All 27 EU Member States held European Parliamentary elections on Sunday, 9 June. We have final (or near final) results from 26 of them, the sole exception being Ireland, where the count adjourned on Sunday night, without reporting any results.
Still, we have a pretty clear picture of Europe, and thus we can put Fidesz’s victory into a broader context.
Prior to the election, Prime Minister Viktor Orbán called on his supporters to give his party the largest margin victory in Europe in order to more effectively counter the pro-war voices in Brussels. That was not achieved by his party.
The highest margin of victory came from Romania last night.
There, the grand coalition of PSD-PNL beat second-place finisher AUR, a right-wing nationalist-populist party, by 38 points. PM Orbán still had some good news come out of our neighbours to the east as well. The ethnic Hungarian party RMDSZ, as we reported earlier today, managed to pass the five-per-cent threshold, and will delegate two members to the European Parliament.

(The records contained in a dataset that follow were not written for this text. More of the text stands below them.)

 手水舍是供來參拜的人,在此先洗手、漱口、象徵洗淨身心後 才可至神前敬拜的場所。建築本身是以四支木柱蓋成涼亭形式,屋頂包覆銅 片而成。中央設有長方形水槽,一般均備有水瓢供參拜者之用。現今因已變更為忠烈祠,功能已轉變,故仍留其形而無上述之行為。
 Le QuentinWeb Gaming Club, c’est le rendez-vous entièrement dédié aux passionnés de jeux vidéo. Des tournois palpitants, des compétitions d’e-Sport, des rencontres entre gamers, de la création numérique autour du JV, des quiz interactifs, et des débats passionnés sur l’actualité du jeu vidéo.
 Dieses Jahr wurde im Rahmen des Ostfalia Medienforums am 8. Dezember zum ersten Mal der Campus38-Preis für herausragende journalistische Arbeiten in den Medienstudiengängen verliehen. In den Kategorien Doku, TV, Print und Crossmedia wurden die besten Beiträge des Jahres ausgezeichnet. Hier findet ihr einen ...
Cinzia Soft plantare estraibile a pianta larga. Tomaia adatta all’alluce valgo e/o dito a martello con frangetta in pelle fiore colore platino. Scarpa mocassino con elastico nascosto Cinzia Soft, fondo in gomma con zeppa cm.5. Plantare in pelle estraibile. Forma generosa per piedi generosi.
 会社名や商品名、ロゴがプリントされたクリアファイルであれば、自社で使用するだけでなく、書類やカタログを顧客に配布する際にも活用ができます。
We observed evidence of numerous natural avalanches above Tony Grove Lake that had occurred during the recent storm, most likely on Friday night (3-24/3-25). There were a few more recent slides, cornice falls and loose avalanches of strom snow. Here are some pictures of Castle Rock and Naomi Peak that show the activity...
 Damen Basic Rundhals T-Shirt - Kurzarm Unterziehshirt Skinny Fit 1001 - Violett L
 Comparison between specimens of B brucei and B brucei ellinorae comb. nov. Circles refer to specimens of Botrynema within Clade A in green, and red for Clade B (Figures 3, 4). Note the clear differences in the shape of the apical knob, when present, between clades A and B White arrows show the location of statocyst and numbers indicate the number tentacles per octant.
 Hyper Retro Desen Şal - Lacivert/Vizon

The French right-wing populist party Rassemblement National also outdid Fidesz in terms of margin of victory. However, PM Orbán is hardly distraught by that, given that RN is led by his long-time ally Marine Le Pen. Her party got 31.37 per cent of the popular vote, 16.77 points ahead of Besoin d’Europe’s 14.60 per cent. President Emmanuel Macron of France even called a snap election in the wake of the results.
Fidesz-KDNP’s 14.96-point margin was the third largest of last night in Europe.
As for vote share, Fidesz was also ranked third. The long-ruling party of Hungary got 44.64 per cent of the popular vote. Although it is a significant dip from five years ago, when they got 52.5 per cent, they still increased their vote total, from 1.824 million in 2019 to 2.018 million in 2024.
The only two parties in Europe that managed to get a higher vote share are the aforementioned PSD-PNL big tent coalition in Romania, which got 53 per cent; and the centre-left Partit Laburista (Labour Party) in Malta, which got 45.26 per cent. However, due to the bipolar nature of Maltese politics, PL only beat their opposition, the conservative Partit Nazzjonalista (Nationalist Party) by a little over three points.
A 15-point loss for the main opposition force being covered as a hopeful, confidence-inspiring result is a phenomenon very unique in Hungary. For a little more perceptive: that margin would be the largest in US presidential elections in the 21st century. Even Democrat Barack Obama beat Republican John McCain by ‘only’ 7.2 points in 2008, and he was the first African American candidate nominated by a major party, running in the midst of a financial crisis that happened under a Republican administration. Overall, it would be ranked 19th out of the 59 US presidential elections held so far in terms of popular vote margin.